First, the plans say a 1″ slab for the plane body. Does this mean I need to get something that is thicker and then dimension it down to 1″ from there?
Second and related, is wood choice really that important? I’m having a hard time finding beech that is larger than 1″ thick. What other choices would be good ones? I’m in Denver if that helps.
George, you could use 3/4″ stock if you want. I think Paul may even have said so in the video. There is nothing magic about 1″, but it will be a bit stiffer than 3/4″. As far as species is concerned, you could use a chunk of 2×6 if you wanted. There is nothing magic about beech. A hardwood will last longer and a softwood will scratch easier. But the wood you use makes little difference. Just get out there and use something and don’t get paralyzed by the details. If you find after some months of using your router plane that you might have liked to make it from something else, then make another. You’ll already have the hardware.
Two reflections, if allowed:
1. This “World’s best router plane” has its blade resting on a bed in a manner that appears similar to that of a wooden bench plane. A plane sole of 1″ would generate a bed of 1.4″ at 45°, while one of ¾” would for the same angle reduce the bed to 1.1″ in length. Could that difference be associated with any relevant change in support for the blade. if 1″ thickness is of importance, then face lamination two thinner pieces is perhaps an alternative.

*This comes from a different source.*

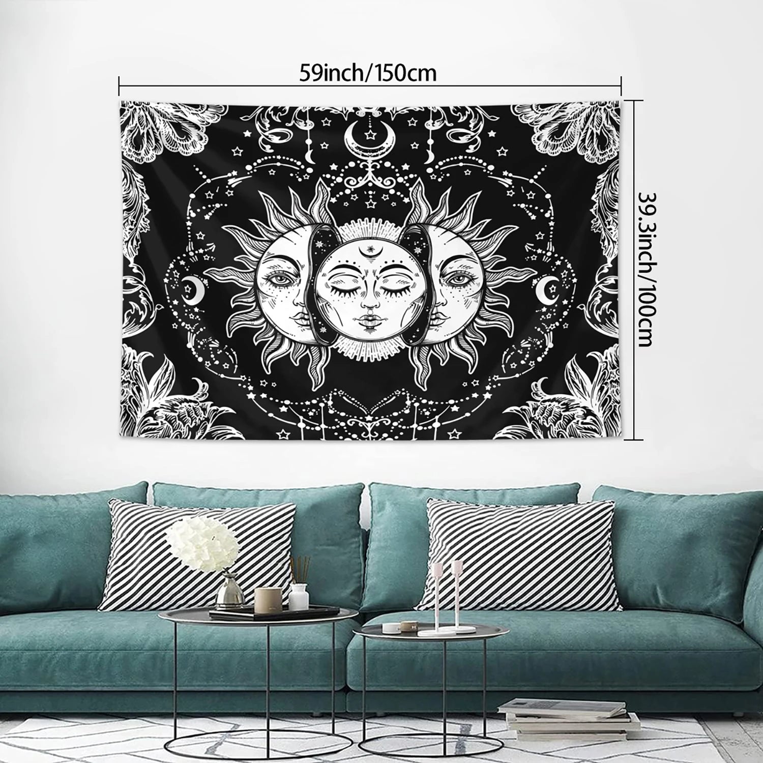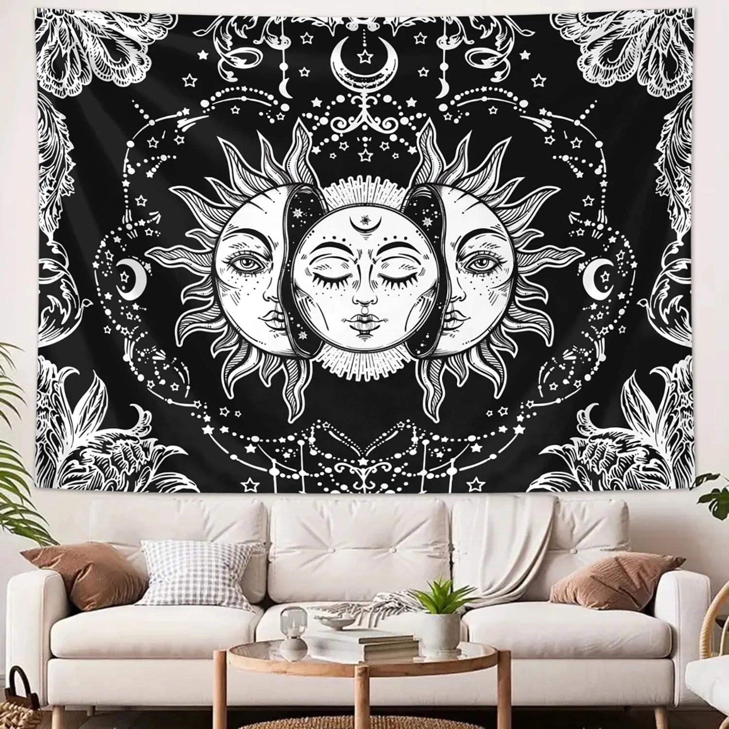This tapestry features a black and white design with mystical elements, perfect for adding a bohemian or eclectic vibe to your decor.

2. The purchase head and the floor manager of my local timber yard – gentlemen with thorough academic and practical knowledge – both swear by that once dimensioned, American beech (Fagus grandifolia) will not re-warp. As beech is a traditional wood for tool making, they might be a tad biased, but nevertheless they’ve been right as far as my experience goes. Supposedly, the growth mode of beech trees facilitates reaction free, straight grained wood; and those two characteristics are. I guess, loads more important than the species.